/DAseq

Primary LanguageRMIT LicenseMIT

DA-seq

Introduction

DA-seq is a method to detect cell subpopulations with differential abundance between single cell RNA-seq (scRNA-seq) datasets from different samples, described in the preprint, "Detection of differentially abundant cell subpopulations discriminates biological states in scRNA-seq data", available here. Given a low dimensional transformation, for example principal component analysis (PCA), of the merged gene expression matrices from different samples (biological states, conditions, etc.), DA-seq first computes a score vector for each cell to represent the DA behavior in the neighborhood to select cells in the most DA neighborhoods; then groups these cells into distinct DA cell subpopulations.
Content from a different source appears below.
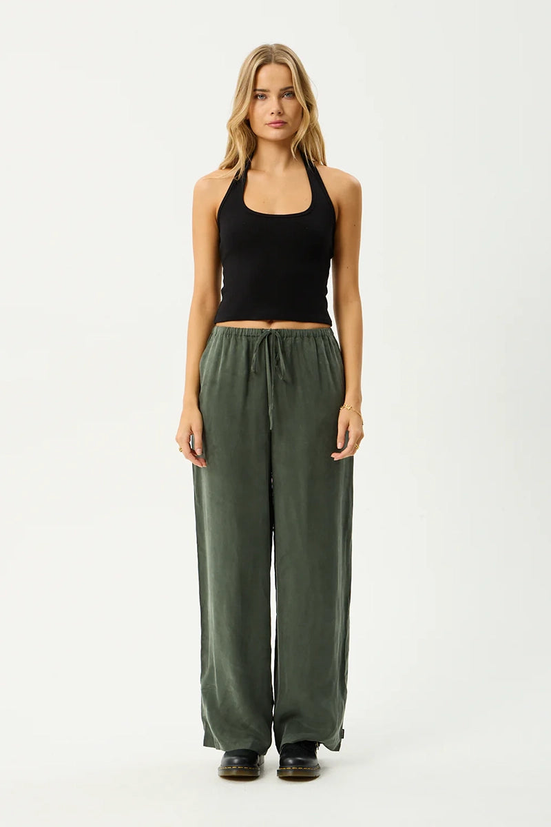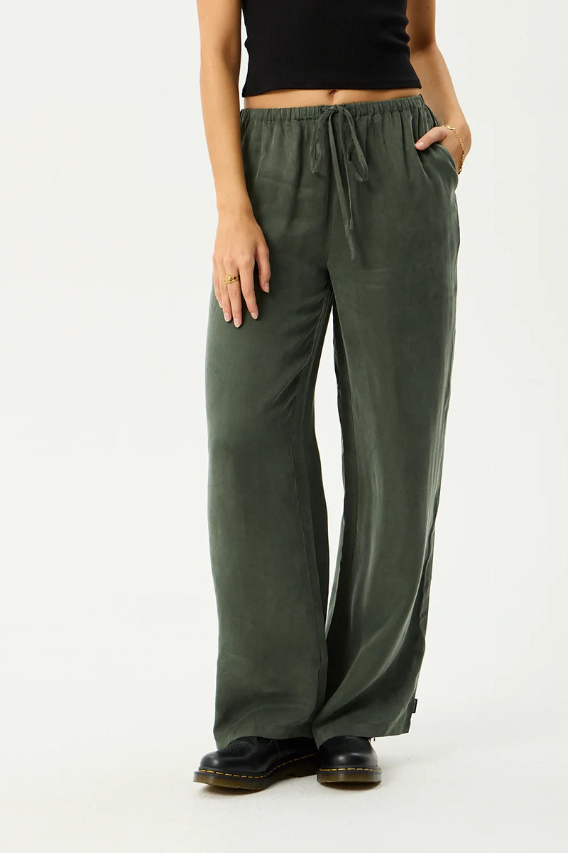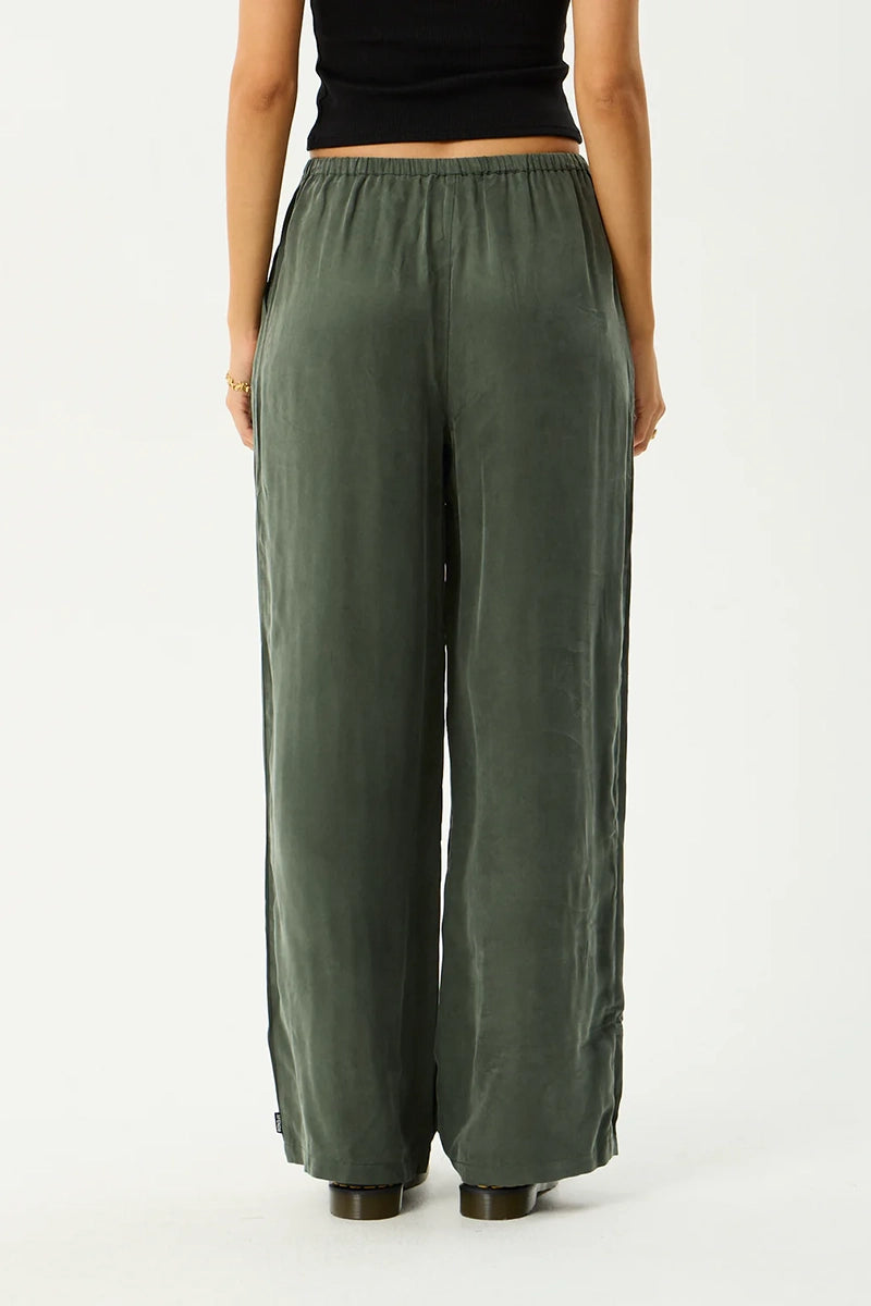 The 'Gerry' wide leg pant is designed with a relaxed fit and mid-rise waist, finished with an elasticated waistband and outer drawcord. Slash opening side pockets add practicality, cut from a sustainable silk alternative made with a cotton pulp blend.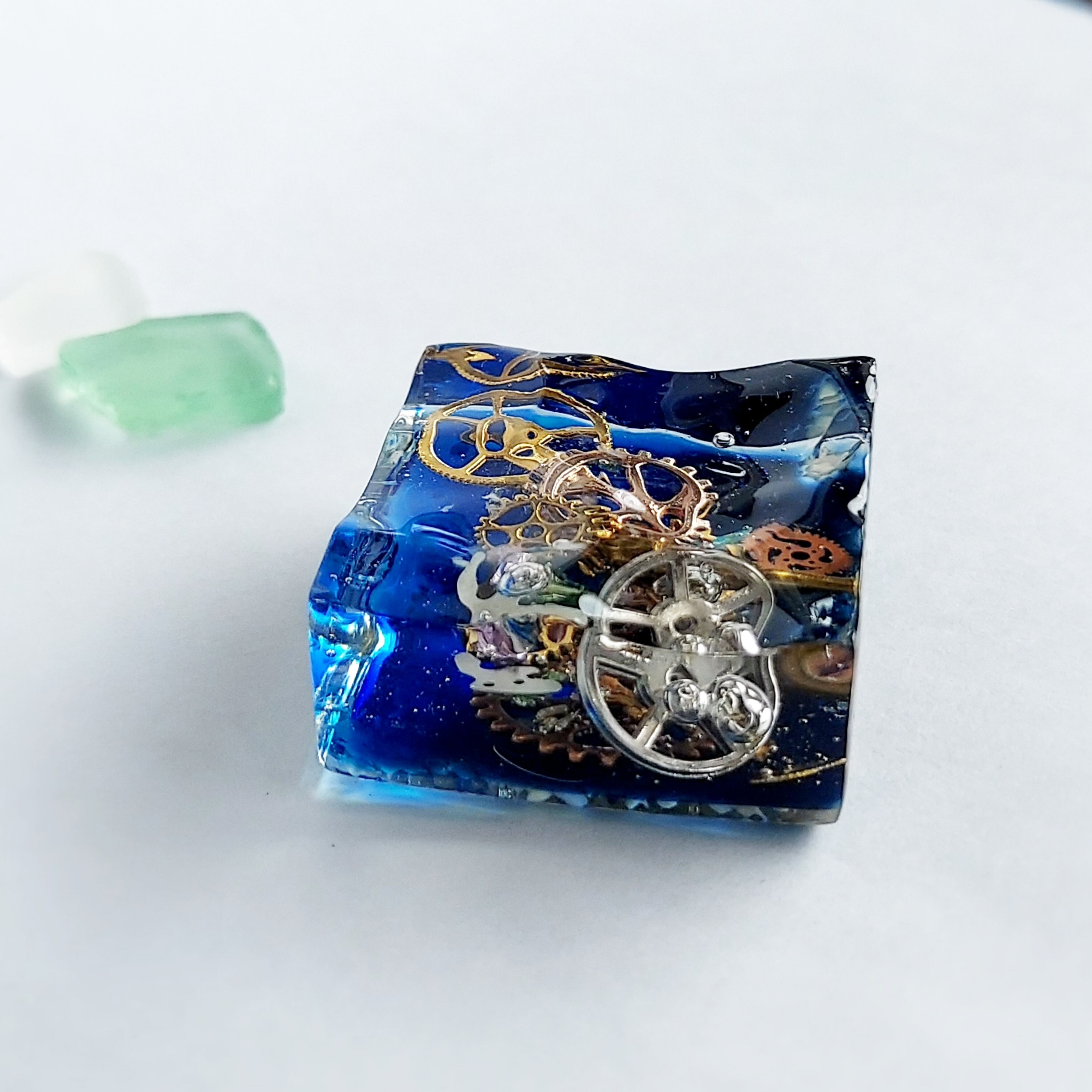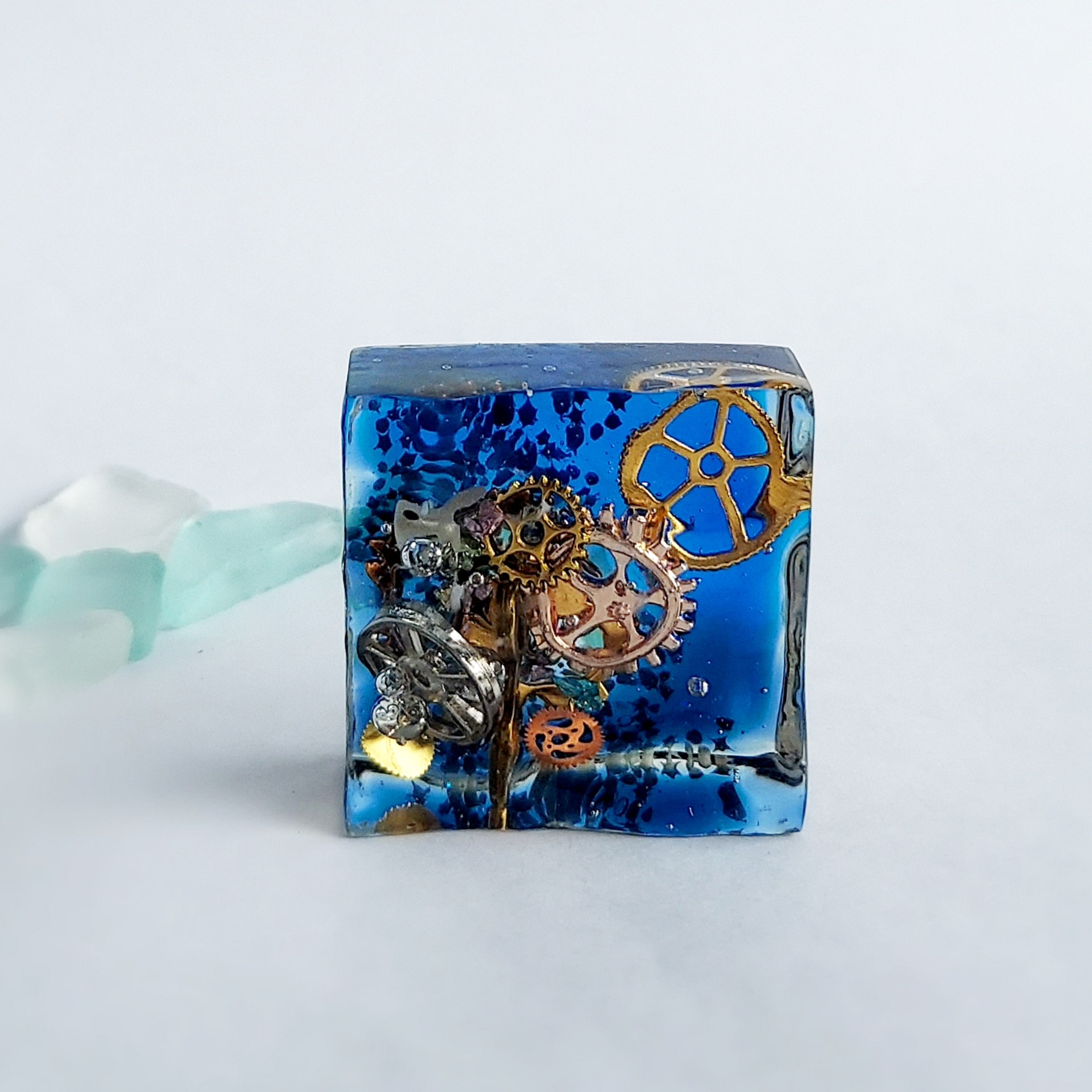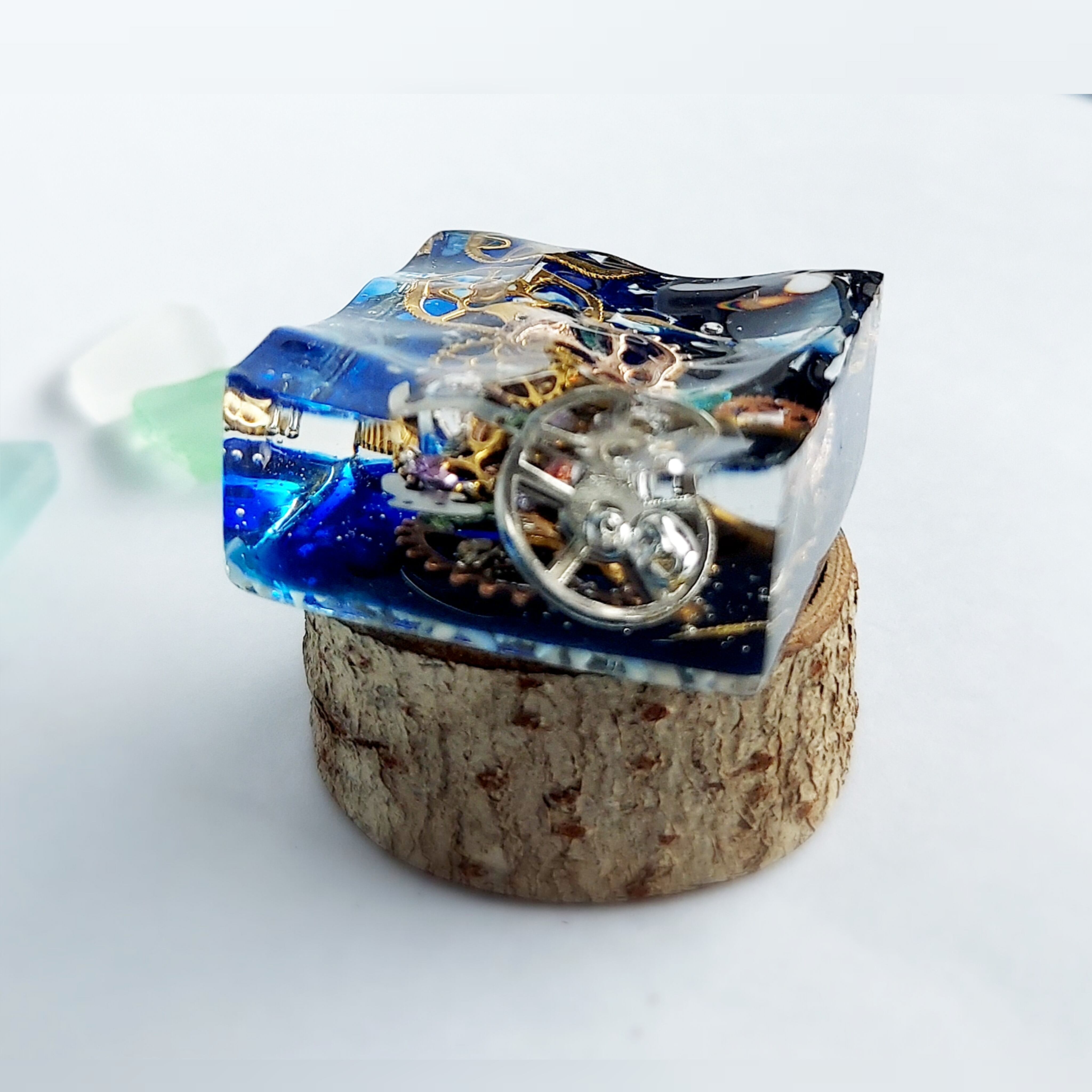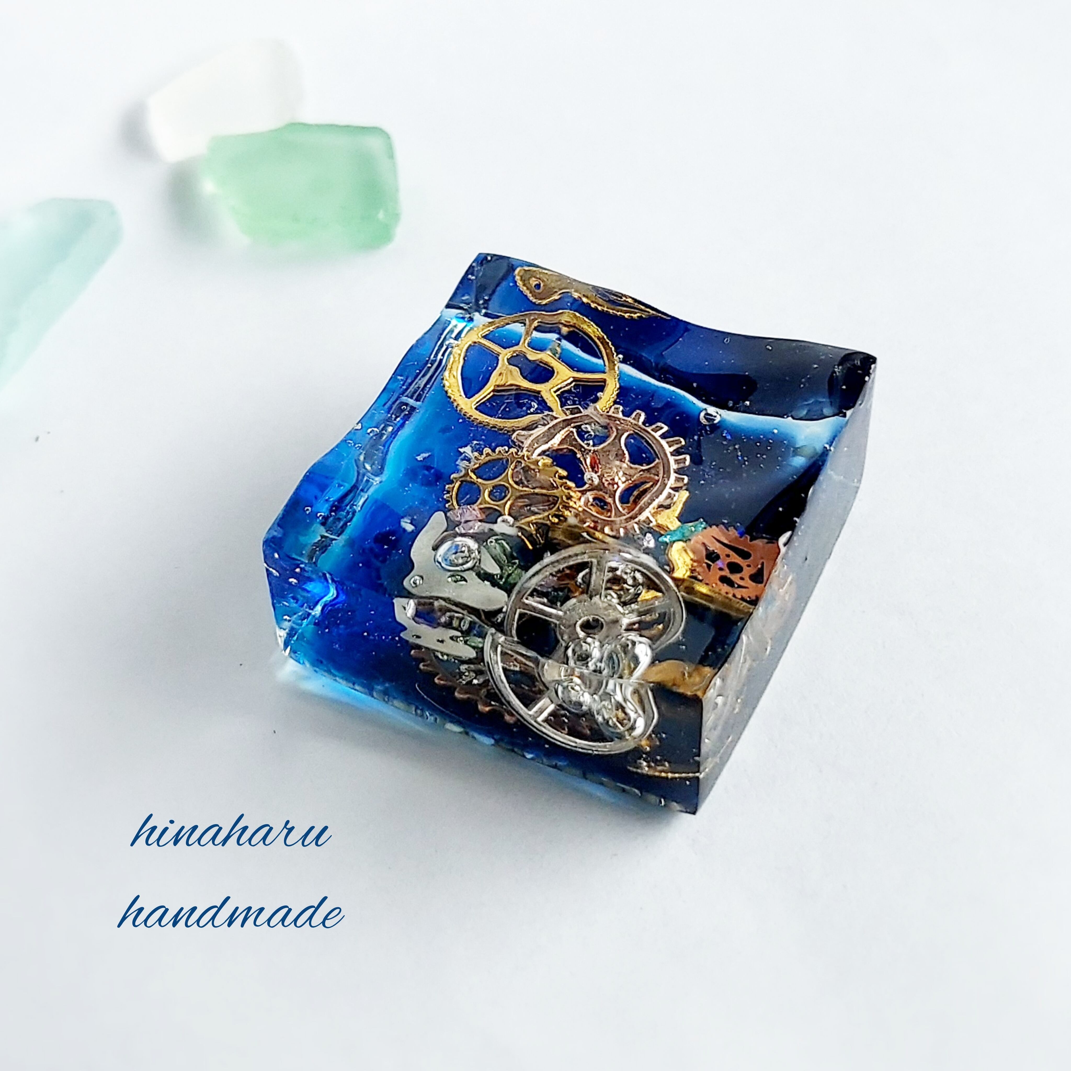 海の浜辺と歯車をとじ込めたレジンアートです。

This repository contains the DA-seq package.

R Dependencies

Required packages: RANN, glmnet, caret, Seurat, e1071, reticulate, ggplot2, cowplot, scales, ggrepel

Python Dependencies

Python 3 or above (Miniconda is recommended.)

Required modules: numpy, pandas, sklearn, tensorflow, keras

Installation

The DAseq package can be installed from this GitHub repository. Installation of just the DAseq package should not take longer than a minute or two.

devtools::install_github("KlugerLab/DAseq")

References

References of DAseq functions can be found here.

Usage

Please check DA-seq tutorial.

Data used in the tutorial is from Sade-Feldman, Moshe, et al. (Cell. 2018).

DAseq has been tested on MacOS (Catalina, 10.15) and Ubuntu 16.04.